Obesity treatment: What works, when and for whom?
Mike Lean, Consultant Physician, Glasgow
Weight loss of 5–10 kg, achievable by many methods and by most people, is enough to prevent over half of all future incident type 2 diabetes (even if there is some regain) and improves all features of the metabolic syndrome.

Better strategies and guidelines are needed for severe and complicated obesity, with more appropriate funding streams and QOF incentives. National guidelines recommend bariatric surgery for people with type 2 diabetes and a BMI over 35 kg/m2

Managing the residential care population 
Fiona Kirkland, Consultant Nurse Diabetes, South Staffordshire PCT
Poor knowledge of diabetes management in care homes, together with a lack of support for staff, can lead to poor quality diabetes care. 

Often, the working day in a care home is centred on the achievement of tasks, large medication rounds and residents receiving insulin at the wrong time for the anticipated therapeutic effect.

Fiona discussed common-sense solutions to overcome these difficulties in this workshop, such as on-site diabetes education for all care home staff.

Injectables: Practicalities of injections and needles
Debbie Hicks, Consultant Nurse – Diabetes, Enfield PCT
In this workshop, Debbie stressed that reuse of needles should not be recommended and used some case studies to illustrate why.

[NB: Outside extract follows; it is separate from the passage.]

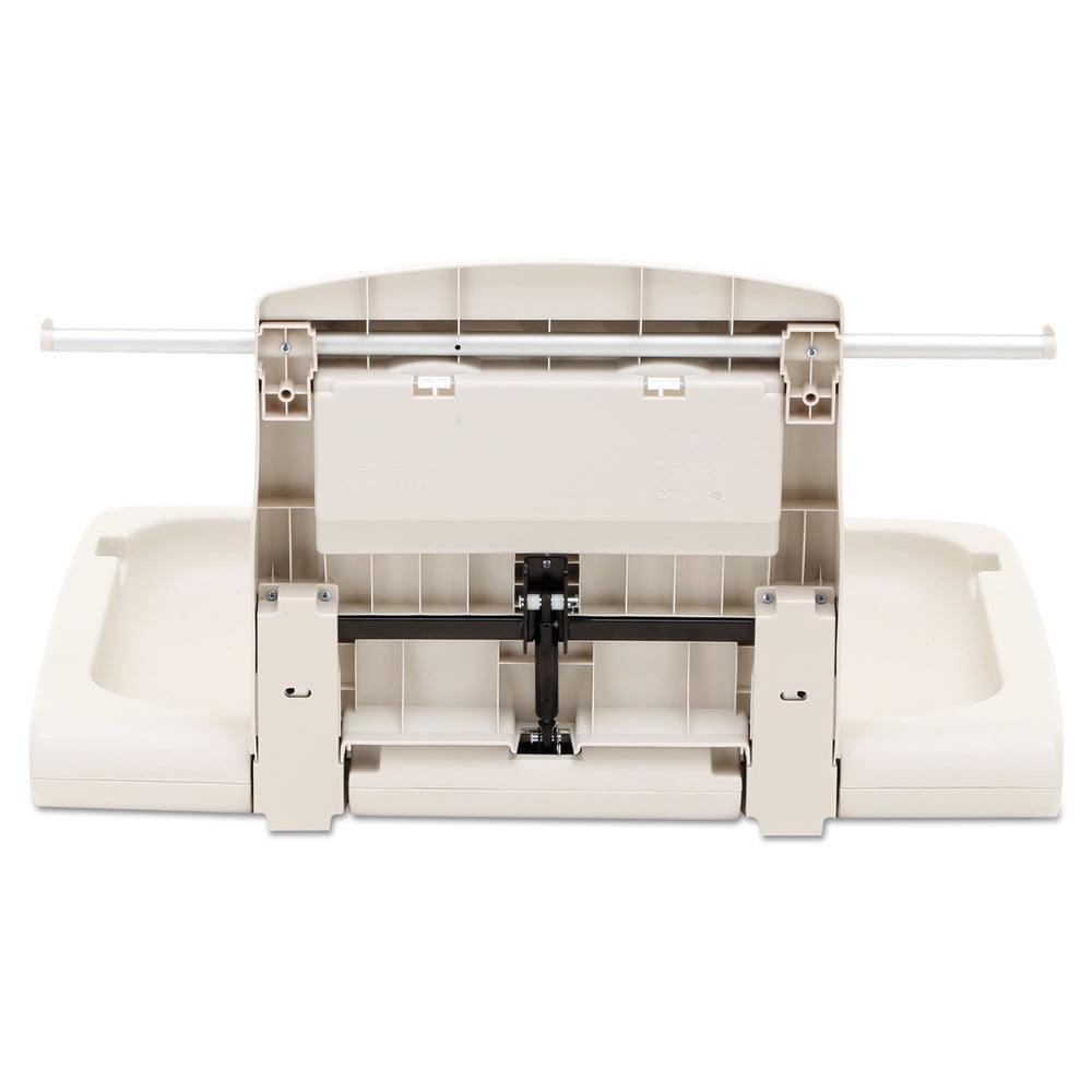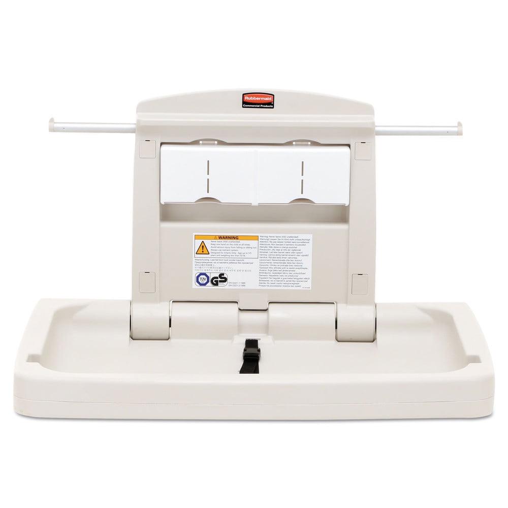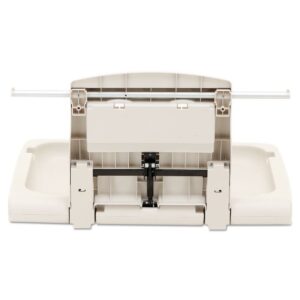 The Rubbermaid Horizontal Baby Changing Station is designed for commercial environments. Built from high-density polypropylene, this baby changing pad table does not absorb moisture. This baby station meets all global EN, FDA, ADA, and ASTM safety standards. The sturdy station features an accessory shelf to keep items away from baby plus easy reach hooks. The smooth surface makes this changing table easy to clean. Size (W x L): 33 1/2″ x 21 1/2″; Material(s): Plastic; Color(s): Platinum; Folded Depth: 4″.

Education is key to ensure that people with diabetes are using the correct injection technique. Healthcare professionals should routinely check injection sites, technique and appropriate needle length.

In lean adults and children, the pinch technique should be used to avoid intramuscular injections even when using short needles. Make sure the sharps disposal in your local area is clear to your patients.

Insulin regimens
Jill Hill, Diabetes Nurse Consultant, Birmingham; Francesca Arundel, Diabetes Specialist Nurse, Chichester; Gwen Hall, Diabetes Specialist Nurse in Primary Care, Haslemere
This workshop debated the best option of initiation of insulin for a person with type 2 diabetes on maximum oral antidiabetes medication.

Three regimen choices were discussed: basal only, mixed insulin and prandial only. To make the right decision, many factors need to be considered: the individual’s weight, HbA1c level, normal food intake, and blood glucose patterns, as well as considering the wishes and lifestyle of the individual.

Neuropathy and feet
Neil Baker, Diabetes Research Podiatrist, Ipswich
Peripheral nerve damage and dysfunction is reported to be present at initial diagnosis in up to 50% of individuals with type 2 diabetes (Young et al, 1993).

Peripheral neuropathy is highly associated with foot ulceration and lower extremity amputations. One key part of annual foot screening focuses on identifying sensory loss associated with ulcer risk.

Symptomatic neuropathy is also relatively common but often overlooked, and although it is not directly linked with foot ulceration, can have a significant impact on quality of life. 

“I know it’s their diabetes, but…!”
Judith Carpenter, Accredited Motivational Interviewing Practitioner, Ashbourne
Motivational interviewing has evolved as a method of encouraging behaviour change, orginating from the field of addiction in the 1980s. 

This workshop gave delegates the chance to practise some basic motivational interviewing techniques, and experience the challenges of the professional–patient consultation first-hand through role play.

Enhancing motivation and encouraging change is a complex task and people deserve a sensitive response to behaviour change.

Renal disease and eGFR
Aresh Anwar, Diabetologist, Coventry; Andrew Stein, Consultant Physician, Coventry
Renal disease is a significant complication of diabetes, yet tests to diagnose or monitor this condition are unnecessarily complicated. There is debate surrounding the use of tests and measures of renal function.

The methods of calculating the glomerular filtration rate (GFR) are different depending on the individual’s ethnicity and can be significantly altered depending on body mass.

To correctly appreciate the result of GFR it is important to understand which method the lab is using to calculate the GFR.